Directions for this task:
In the listing below, the answer starts at the line that has "your heartfelt gratitude." and stops after the line that has "Туфли женские из"; please repeat that part exactly and nothing more.

Extracted entries:
- Opening Delimiter -
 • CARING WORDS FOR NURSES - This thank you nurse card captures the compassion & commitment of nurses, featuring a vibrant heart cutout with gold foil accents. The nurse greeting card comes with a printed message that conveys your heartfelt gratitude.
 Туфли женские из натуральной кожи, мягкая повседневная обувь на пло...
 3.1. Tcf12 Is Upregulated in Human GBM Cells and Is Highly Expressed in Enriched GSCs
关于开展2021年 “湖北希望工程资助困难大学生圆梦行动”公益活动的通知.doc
- Closing Delimiter -
- Opening Delimiter -
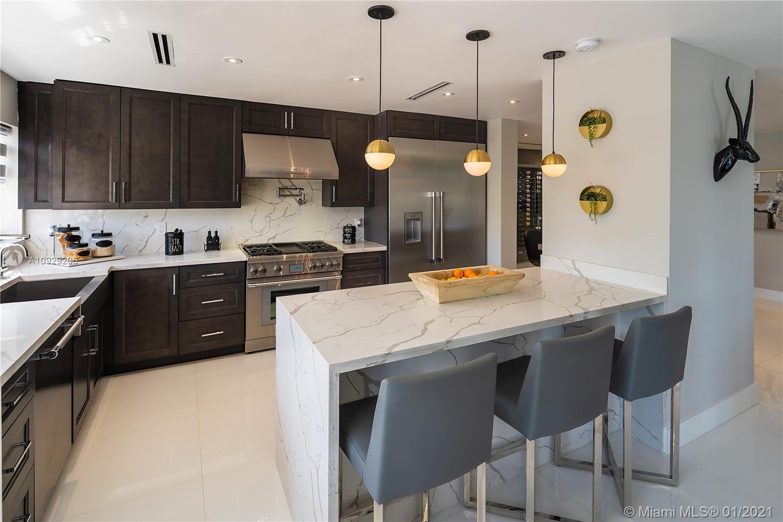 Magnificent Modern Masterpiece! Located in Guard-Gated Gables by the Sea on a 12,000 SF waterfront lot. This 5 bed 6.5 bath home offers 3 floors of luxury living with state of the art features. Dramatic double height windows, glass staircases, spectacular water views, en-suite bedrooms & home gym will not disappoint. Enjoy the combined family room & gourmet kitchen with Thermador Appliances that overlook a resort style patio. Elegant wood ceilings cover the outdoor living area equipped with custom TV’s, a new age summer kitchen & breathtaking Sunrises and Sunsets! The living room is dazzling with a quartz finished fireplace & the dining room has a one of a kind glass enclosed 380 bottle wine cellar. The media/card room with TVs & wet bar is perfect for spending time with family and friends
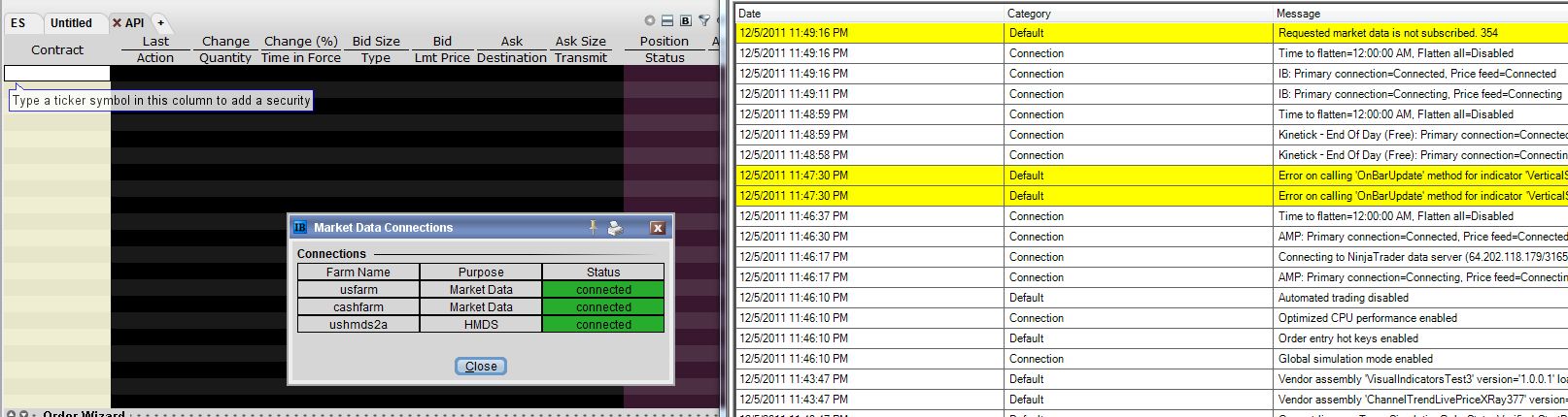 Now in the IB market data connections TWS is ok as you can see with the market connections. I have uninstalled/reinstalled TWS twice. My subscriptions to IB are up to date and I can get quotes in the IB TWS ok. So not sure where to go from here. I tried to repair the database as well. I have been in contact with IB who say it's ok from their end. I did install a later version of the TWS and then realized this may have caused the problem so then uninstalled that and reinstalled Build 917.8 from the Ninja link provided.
- Closing Delimiter -
Solution below:
 • CARING WORDS FOR NURSES - This thank you nurse card captures the compassion & commitment of nurses, featuring a vibrant heart cutout with gold foil accents. The nurse greeting card comes with a printed message that conveys your heartfelt gratitude.
 Туфли женские из натуральной кожи, мягкая повседневная обувь на пло...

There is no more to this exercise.